The effective use of words in a story can inspire an audience by honestly revealing the characters’ helplessness. Authentic well-told stories move people emotionally to create genuine emotional investment.
The highest form of result for a compelling story is measured by the action taken by the person influenced, not just his emotional investment.
The video below best illustrates powerful words, elegantly highlighting the contrast in the situation – how you can see and how the blind man can’t. Furthermore, people are shown to operate from a base of empathy, enabling them to see things in a new light, thereby changing their behaviour.
The Power of Words: A Girl Changed a BLIND Person’s Day!
The end!
Storytelling is a powerful branding tool that can compellingly fuse music, technology-based visual effects, performances, and emotions around a story, enabling more people to be emotionally invested in the project/brand. Further, it allows organizations to convey emotions behind their vision, legacy, and actions, drawing a follower base that resonates with their cause, values, mission, and solutions offered through the project.
Once you get attuned to infusing storytelling with your work/life areas, you will start experiencing its powerful effects to influence your bosses over an idea, affect a positive change with colleagues over differing perspectives, inspire a child who has lost in a competition, to invoke hope amongst a losing team or disheartened soul.

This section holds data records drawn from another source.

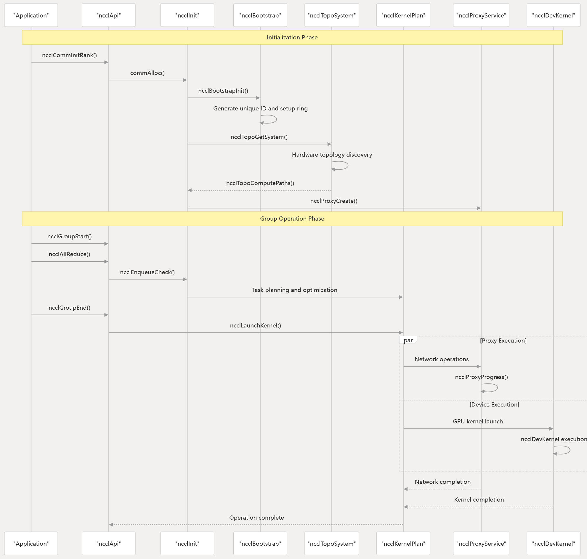 The following diagram illustrates how NCCL’s major components interact during a typical collective operation lifecycle:
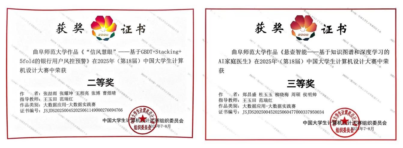 18届中国大学生计算机设计大赛中,指导的两项作品分别荣获国家级二等奖、三等奖。
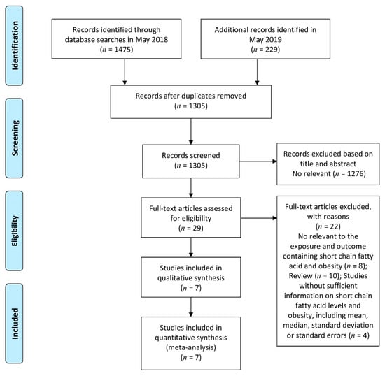 Figure 1 shows the details of the study selection process. Briefly, we identified 29 potentially relevant articles on SCFAs in relation to obesity. The interrater reliability of the two reviewers for the initial screening of the study selection was moderate (agreement 86.75%, κ = 0.19). After we further examined the 29 identified articles, 22 articles were excluded (Supplementary Table S2). Finally, we identified seven articles that met the inclusion criteria [8,9,10,11,13,24,25]. The overall quality of the studies averaged eight stars (range, 7–9) on a scale from zero to nine stars (Supplementary Table S3).
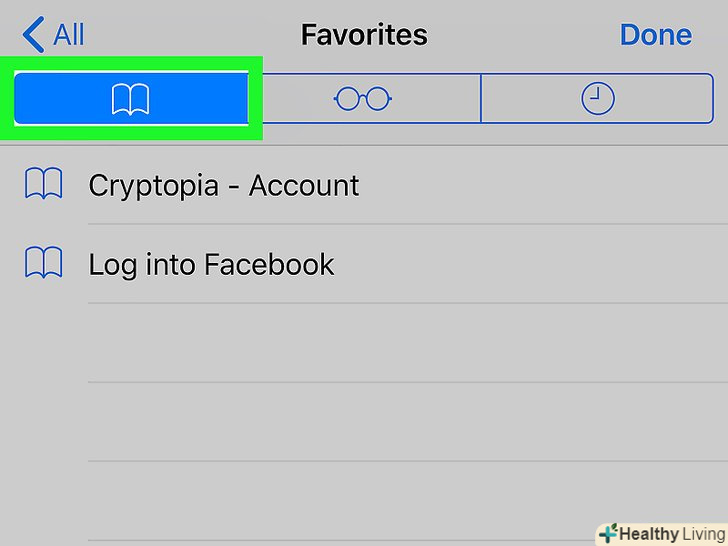 Натисніть "Закладки". ви знайдете цю опцію в нижній частині екрана (на iPhone) або в врехней частині екрану (на iPad).
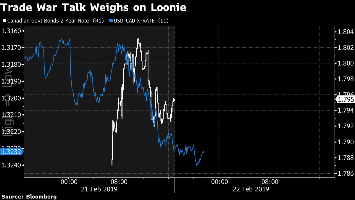 尽管如此,随着州长——前加拿大出口发展局局长——加大了全面贸易冲突对全球活动的潜在下行风险,两年期收益率和加元一起回落。

Stories of failure should be the most admired ones – for the wisdom they hold, the future mistakes they avoid, and the losses they halt. The marines selected in the US Navy are those who shave stories to tell about their heart-breaking failures and to bounce back from them. It reveals – what his character is made of.
Storytelling is essentially an art and hence, the variety in narration styles. It is no coincidence that the usual structure followed for stories has three parts at its basic level – a beginning, middle, and end. The business insider article explores the style of Steve Jobs, which incidentally also has three parts – Setup, confrontation, and resolution. We are suggesting a pattern here, not a definitive way of storytelling.
Every individual has a story to tell, drawn from experiences. A shared experience is valuable – for organizations, teams, and individuals. It allows to create an understanding of an issue, the struggle to find the solution, and in the end, the impact it makes on peoples’ lives. What’s your Story?